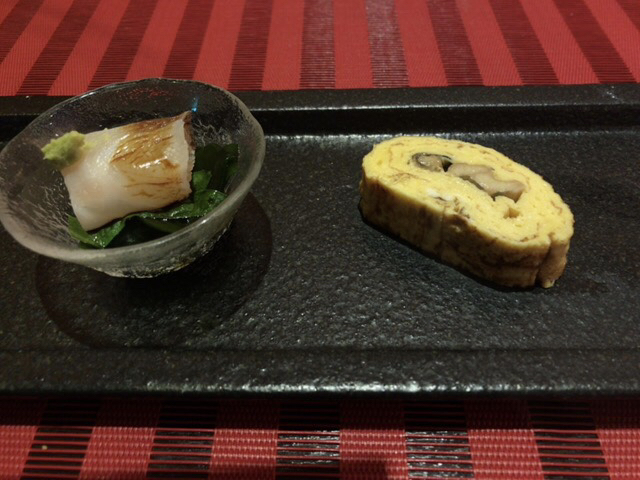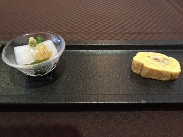 もう一種の前菜穴子の玉子巻き、ほんのり暖かい
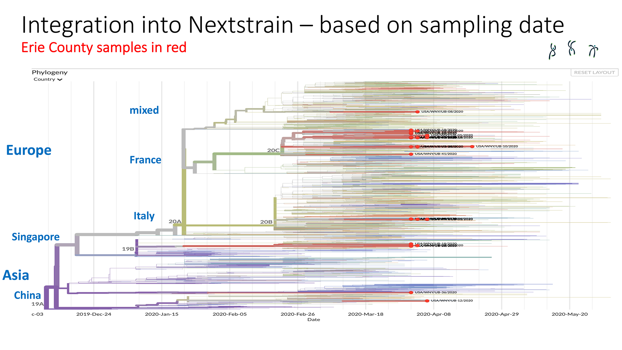 In the first batch of samples from patients who were sick with COVID-19 in early April, the majority, approximately two thirds, of virus samples from Western New Yorkers seemed to be of European origin, primarily Italy, France and Spain. The remaining third appears to have come through China and Singapore.
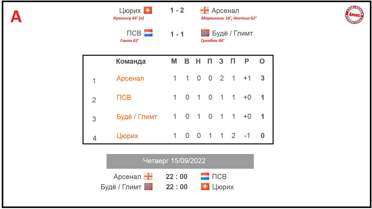 Доминирование Арсенала в матче с Цюрихом привело к логичной победе 2:1. Маркиньос и Нкетиа показали хорошее взаимодействие, забив по голу и отдав друг другу результативный пас. У «канониров» с атакой всё в порядке, команда забивает в каждом из последних 12-ти матчей. Будё/Глимт вышел на ринг с ПСВ и отстоял пояс чемпиона Норвегии 1:1. В конце первой половины забил Гренбек, а Гакпо на 62-й минуте огорчил российского вратаря Хайкина.
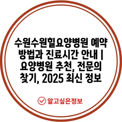 수원수원힐요양병원 예약 방법과 진료시간 안내 | 요양병원 추천, 전문의 찾기, 2025 최신 정보
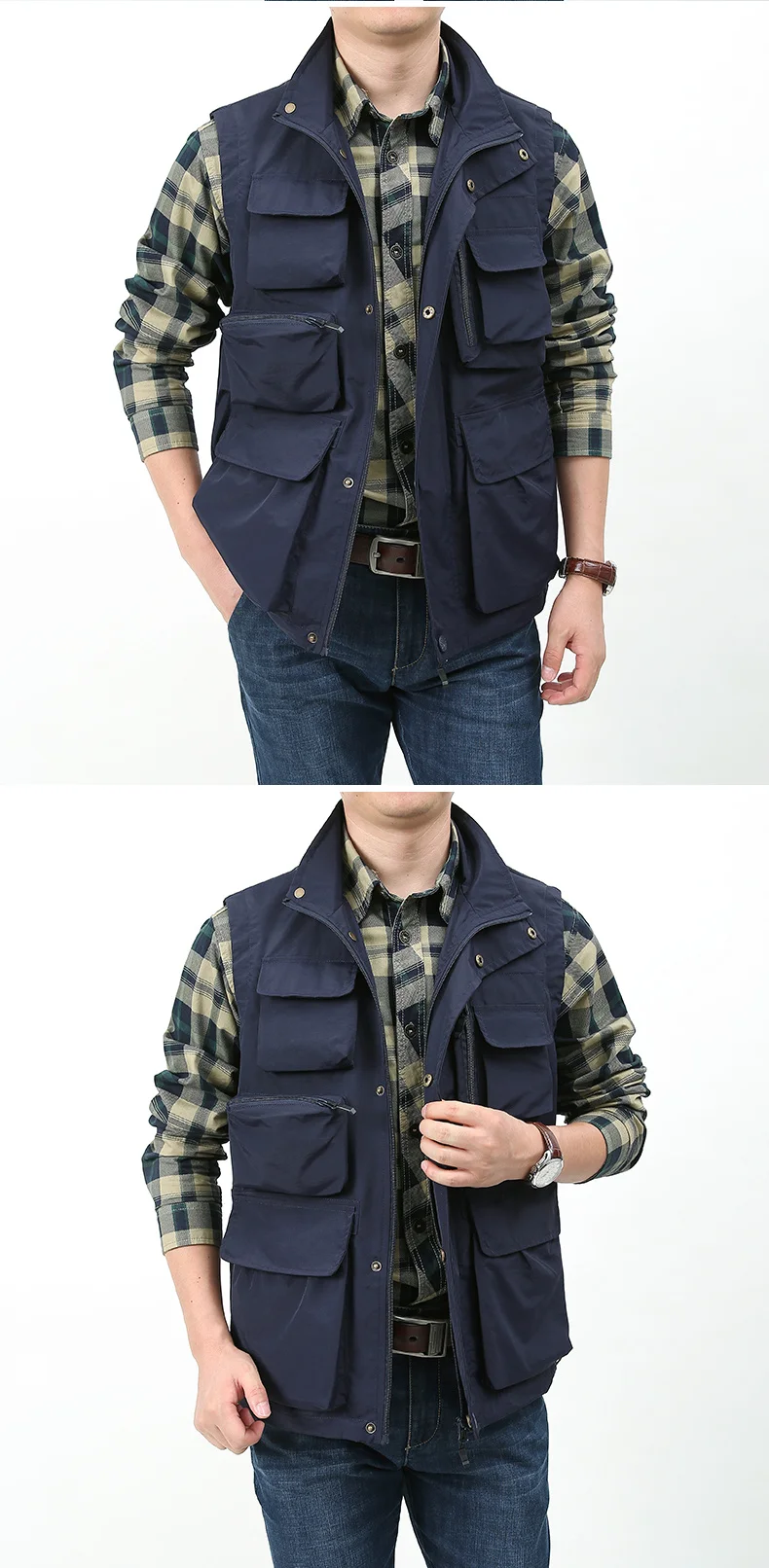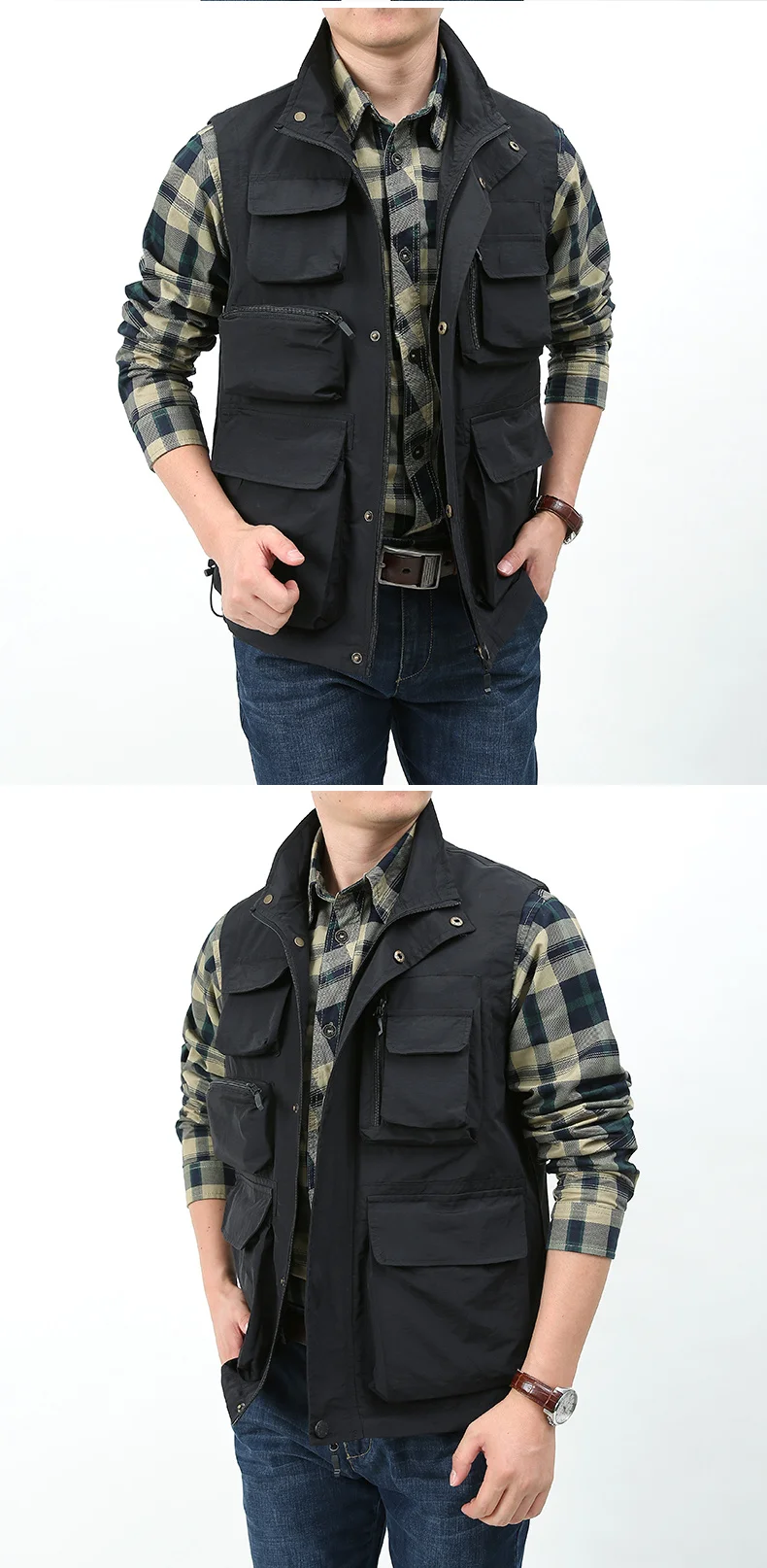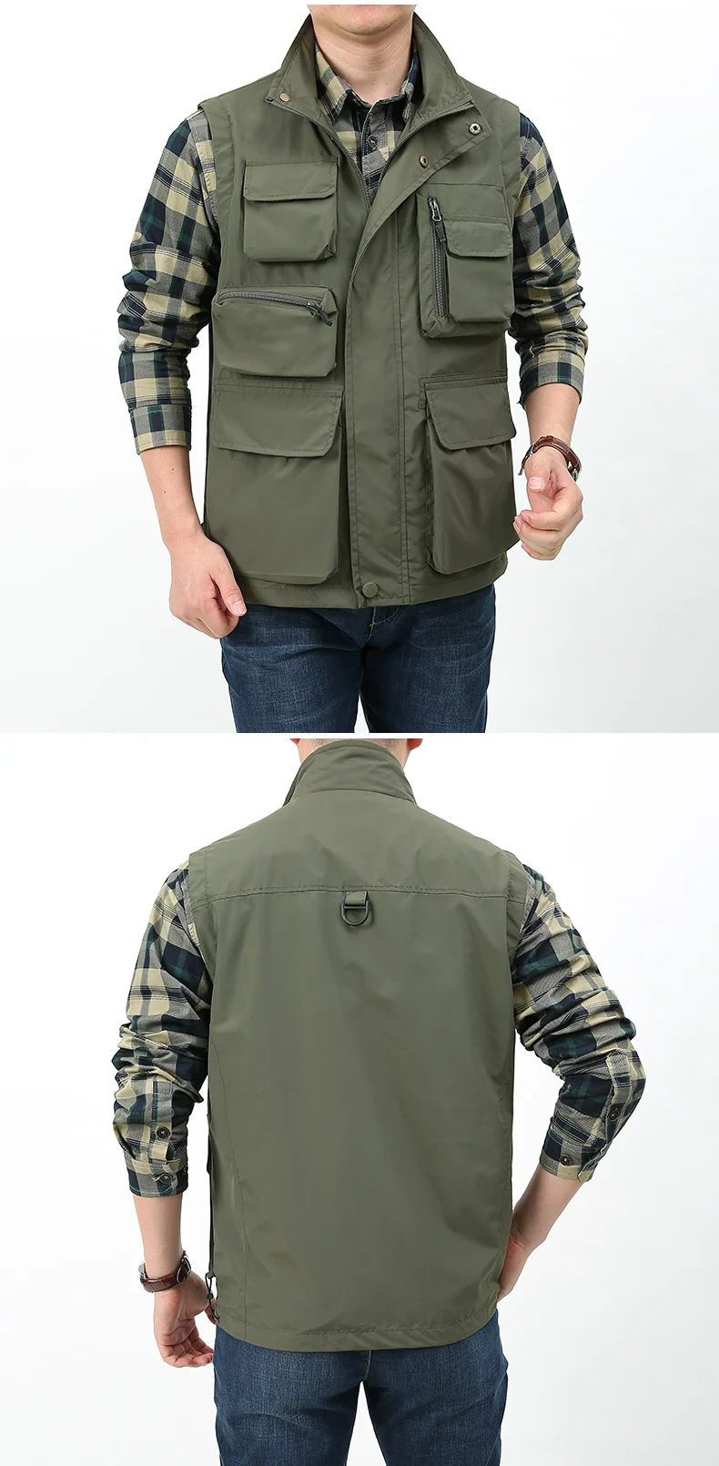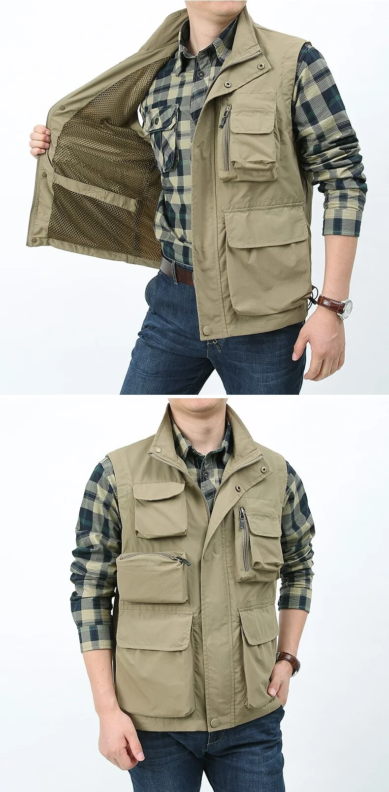 Summer Outdoor Photographer Waistcoat Men's Unloading Vest Tactical Webbed Gear Coat Tool Many Pocket Work Sleeveless Jacket Man
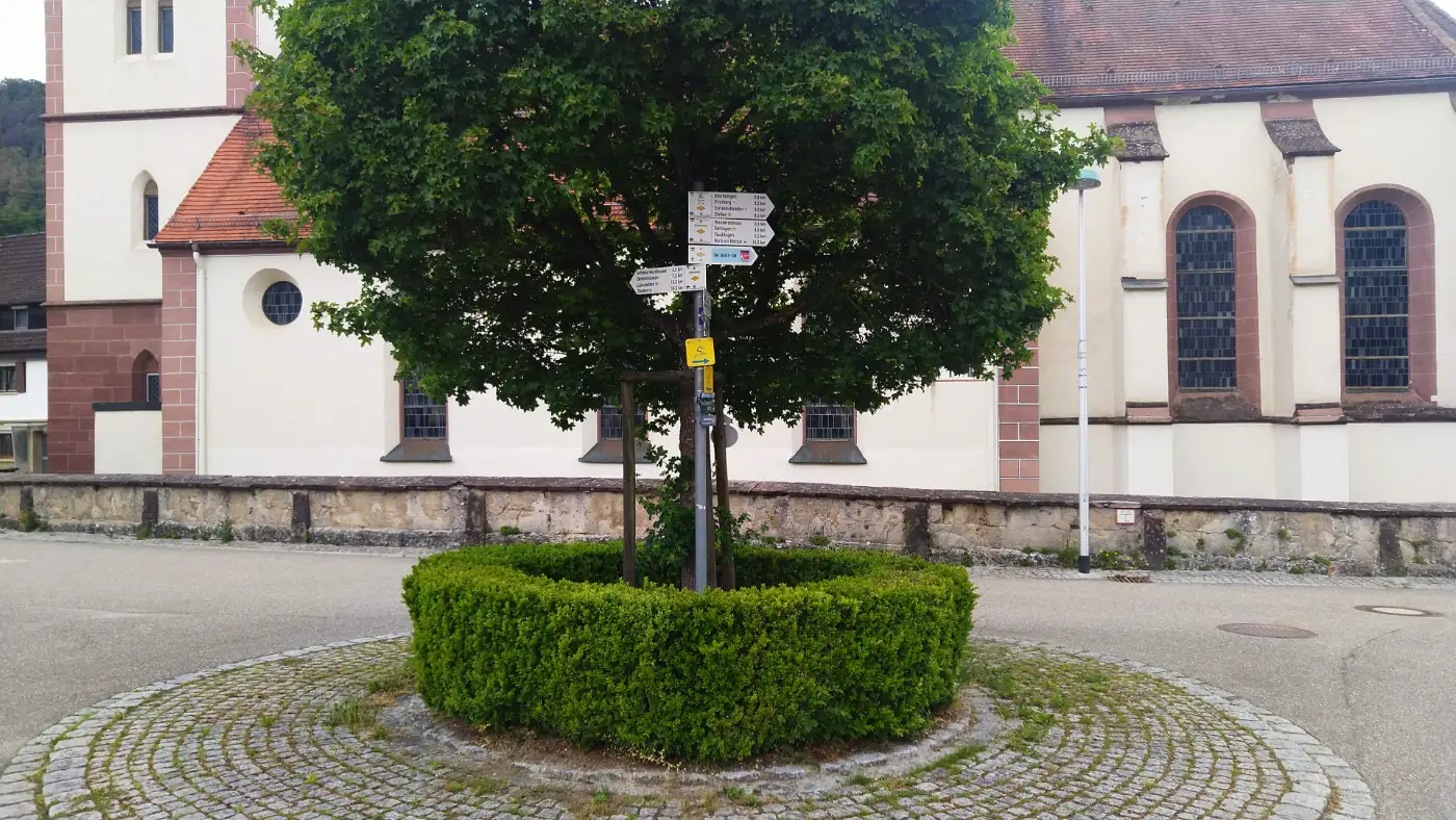 Unsere Tour beginnt am Bahnhof von Sulz am Neckar, einem charmanten Städtchen mit historischer Altstadt. Nach dem Verlassen des Bahnhofs überqueren wir die Bundesstraße und folgen dem Stockensteigweg hinauf zum höher gelegenen Ortsteil Schillerhöhe.Kirche St. Gallus in Glatt
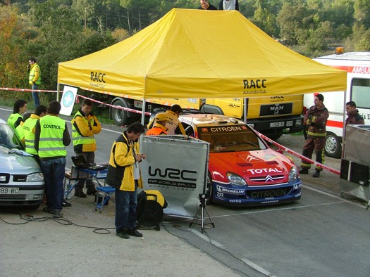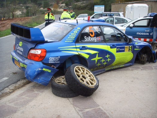 ![]() El Subaru Impreza del campió del món Petter Solberg esperant la grua, davant el cementiri, després de l'accident que va patir a pocs metres del Mas de Fortet. Fotografia: Eurosport |
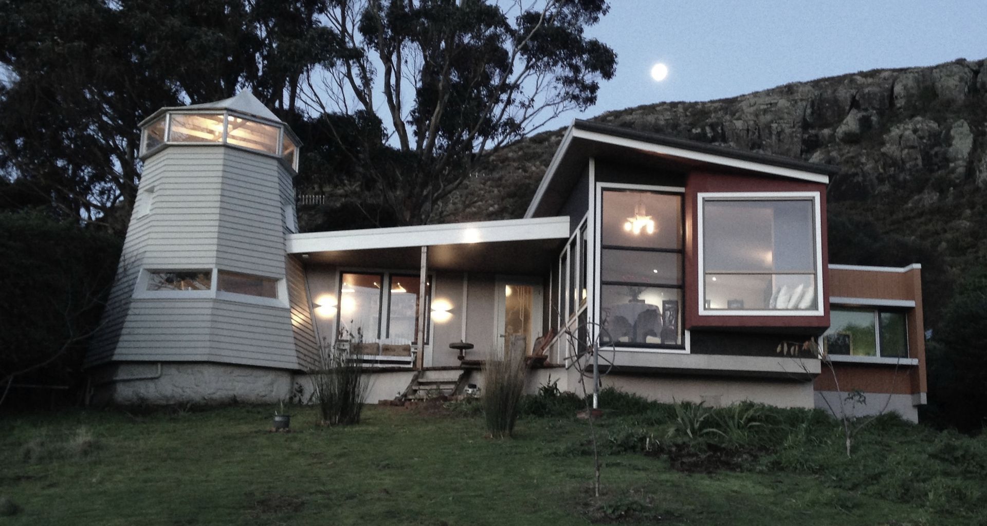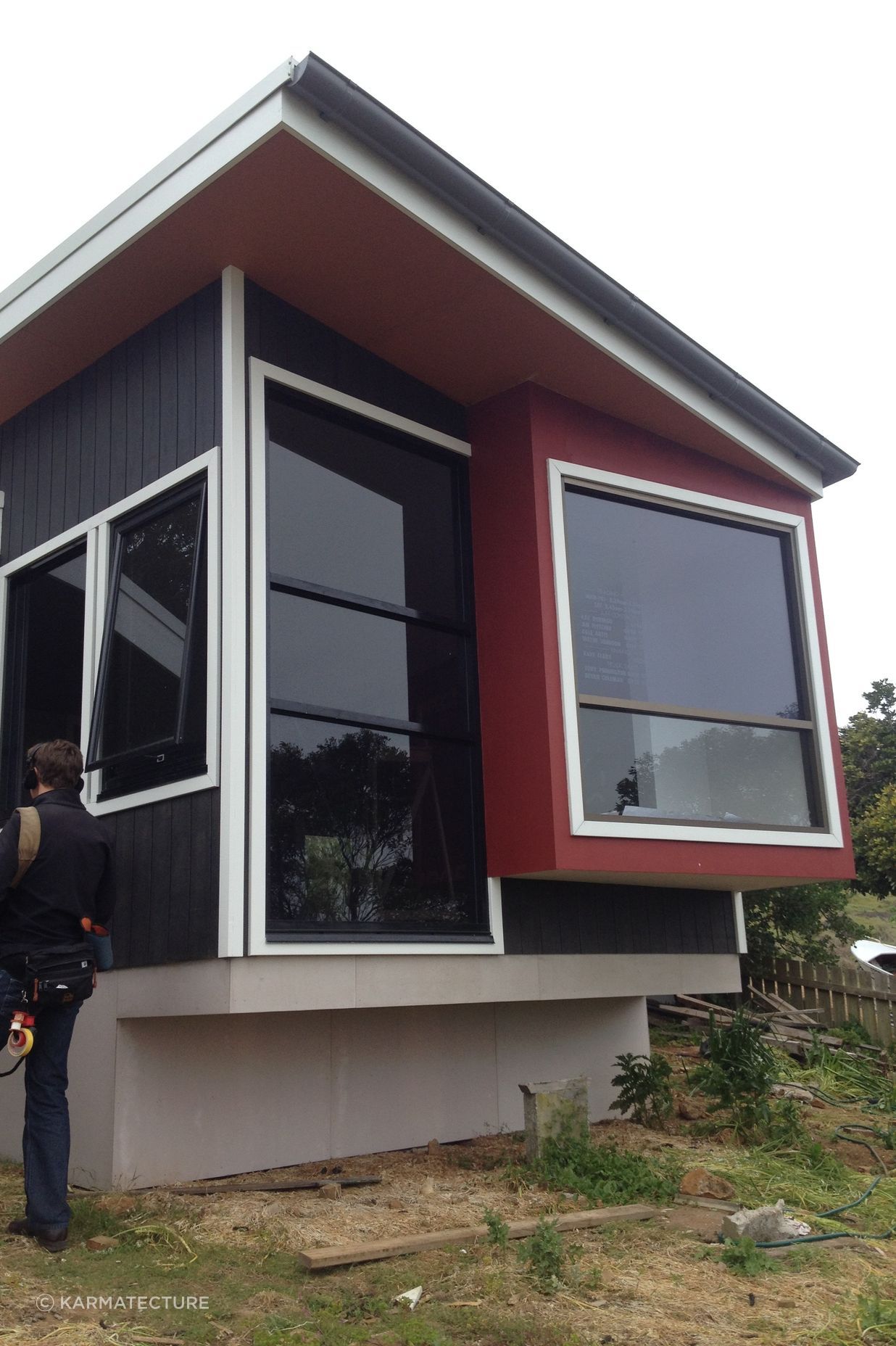 Finished project with The Nut National Park in the background. What was an original folly of a windmill and other outbuildings has been collected and curated into a comfortable 1 1/2 bedroom cottage. Orientation of the building makes the best of the views to local beaches and to the Green Hills beyond. Recycling and up cycling was a core focus of the project and was featured on Grand Designs Australia

────────

_About this exercise_: Write out the material above exactly. Skip the pictures.

_Answer for the task_:
 もう一種の前菜穴子の玉子巻き、ほんのり暖かい
 In the first batch of samples from patients who were sick with COVID-19 in early April, the majority, approximately two thirds, of virus samples from Western New Yorkers seemed to be of European origin, primarily Italy, France and Spain. The remaining third appears to have come through China and Singapore.
 Доминирование Арсенала в матче с Цюрихом привело к логичной победе 2:1. Маркиньос и Нкетиа показали хорошее взаимодействие, забив по голу и отдав друг другу результативный пас. У «канониров» с атакой всё в порядке, команда забивает в каждом из последних 12-ти матчей. Будё/Глимт вышел на ринг с ПСВ и отстоял пояс чемпиона Норвегии 1:1. В конце первой половины забил Гренбек, а Гакпо на 62-й минуте огорчил российского вратаря Хайкина.
 수원수원힐요양병원 예약 방법과 진료시간 안내 | 요양병원 추천, 전문의 찾기, 2025 최신 정보
 Summer Outdoor Photographer Waistcoat Men's Unloading Vest Tactical Webbed Gear Coat Tool Many Pocket Work Sleeveless Jacket Man
 Unsere Tour beginnt am Bahnhof von Sulz am Neckar, einem charmanten Städtchen mit historischer Altstadt. Nach dem Verlassen des Bahnhofs überqueren wir die Bundesstraße und folgen dem Stockensteigweg hinauf zum höher gelegenen Ortsteil Schillerhöhe.Kirche St. Gallus in Glatt
 ![]() El Subaru Impreza del campió del món Petter Solberg esperant la grua, davant el cementiri, després de l'accident que va patir a pocs metres del Mas de Fortet. Fotografia: Eurosport |
 Finished project with The Nut National Park in the background. What was an original folly of a windmill and other outbuildings has been collected and curated into a comfortable 1 1/2 bedroom cottage. Orientation of the building makes the best of the views to local beaches and to the Green Hills beyond. Recycling and up cycling was a core focus of the project and was featured on Grand Designs Australia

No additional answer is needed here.